Wednesday, October 31, 2012

Silly Season



I never thought I would say this, but will this election just be finished already??  That’s right….will the presidential election and the Titans football season just mercifully end??  [I did NOT expect this fall to be so joyless.] 

Maybe it’s because Obama is no longer winning by 9 points over humanoid Mitt Romney.  Maybe it’s because I get more emails with presidential campaign solicitations than I EVER got on Viagra or Nigerian lottery winnings.  Maybe it’s because I don’t even know what we’re arguing about on Benghazi.  

But whatever the reason, I…the person most responsible for sky-rocketing political blog click-throughs…. am ready for This.  Election.  To.  End.  Then at least I can get back to wine bar bookkeeping. 

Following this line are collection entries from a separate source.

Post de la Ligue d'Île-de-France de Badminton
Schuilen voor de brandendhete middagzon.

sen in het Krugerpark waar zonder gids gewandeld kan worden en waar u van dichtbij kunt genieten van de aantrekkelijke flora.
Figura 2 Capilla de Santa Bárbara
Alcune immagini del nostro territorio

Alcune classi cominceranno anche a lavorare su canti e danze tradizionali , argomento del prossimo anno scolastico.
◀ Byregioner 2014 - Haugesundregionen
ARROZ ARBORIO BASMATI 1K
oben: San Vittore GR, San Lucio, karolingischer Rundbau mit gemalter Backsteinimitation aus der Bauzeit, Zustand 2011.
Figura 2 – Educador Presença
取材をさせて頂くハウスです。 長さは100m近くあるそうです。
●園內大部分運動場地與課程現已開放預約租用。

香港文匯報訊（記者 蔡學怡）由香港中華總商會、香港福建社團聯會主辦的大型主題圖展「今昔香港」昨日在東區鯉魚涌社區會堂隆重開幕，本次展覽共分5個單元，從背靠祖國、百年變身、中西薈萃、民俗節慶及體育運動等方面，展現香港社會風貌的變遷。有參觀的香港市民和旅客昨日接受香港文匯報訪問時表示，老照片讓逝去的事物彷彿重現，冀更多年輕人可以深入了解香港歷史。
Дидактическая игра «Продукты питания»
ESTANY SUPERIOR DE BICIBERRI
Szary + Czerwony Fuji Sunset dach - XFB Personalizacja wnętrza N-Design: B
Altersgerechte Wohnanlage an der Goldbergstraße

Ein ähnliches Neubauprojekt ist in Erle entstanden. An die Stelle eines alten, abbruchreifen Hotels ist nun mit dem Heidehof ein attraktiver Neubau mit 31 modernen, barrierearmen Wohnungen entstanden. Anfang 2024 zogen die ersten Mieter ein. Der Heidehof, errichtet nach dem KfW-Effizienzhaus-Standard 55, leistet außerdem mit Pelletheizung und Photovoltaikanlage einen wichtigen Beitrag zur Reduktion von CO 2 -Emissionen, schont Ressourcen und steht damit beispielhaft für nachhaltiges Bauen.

As we get into the last few weeks of the various congressional campaigns, here is just a sampling of the really critical issues we are debating out there:

  • In the Missouri senate race [which really has to perform somersaults of impropriety in order to push “legitimate rape” off the front page] Rep. Todd Akin described Claire McKaskill as a dog.  While Senator McKaskill was with her dying mother.  First…..you are quite the charmer, Mr. Akin.  Second, I pay pretty close attention to politics and Claire McKaskill is NOT the Senator I would liken to a canine.  After all, Senator Joe Lieberman and Droopy Dog were separated at birth. 

  • In the Connecticut Senate race, former World Wrestling Federation CEO [ummmm.....shouldn’t we get to stop right there??] Linda McMahon describes her Medicare position: “Here’s what I’m going to say on this issue today. In terms of reforming and revising Social Security and Medicare, I really will not talk about specifics until we’re in a bipartisan way in Congress.”  First of all, who talks like that?  [Being “in a bipartisan way” sounds a LOT like an unwanted pregnancy - which seems like a subject Republicans should just stay away from].   Second, what is it with the current uber-trend where we voters are told not to worry our pretty little heads about all those really complicated issues going on in our country?? 

  • In the three dozen political blogs I read each day [no wonder somebody’s AP checks to wineries are all late], the authors are struggling to come up with new and exciting ways to reference the states they cover.  After all, there are only so many times you can say “the Senate race in North Dakota”.  So bring on the references to the Roughrider, Peach Garden, and Flickertail State.  [the Flickertail State??  I did not make that up!]  I had to look up which state was the Mountain State....and I. Was. Born. There.  We need to end this thing before I am on a nickname basis with all 50 states. 


  • And the most obvious reason we need this election to be over? Real TV networks continue to interview Donald Trump.  Need I say more? 

Honestly – at this point I think the winner would be whichever candidate promised to suspend any and all usage of “and I approved this message”.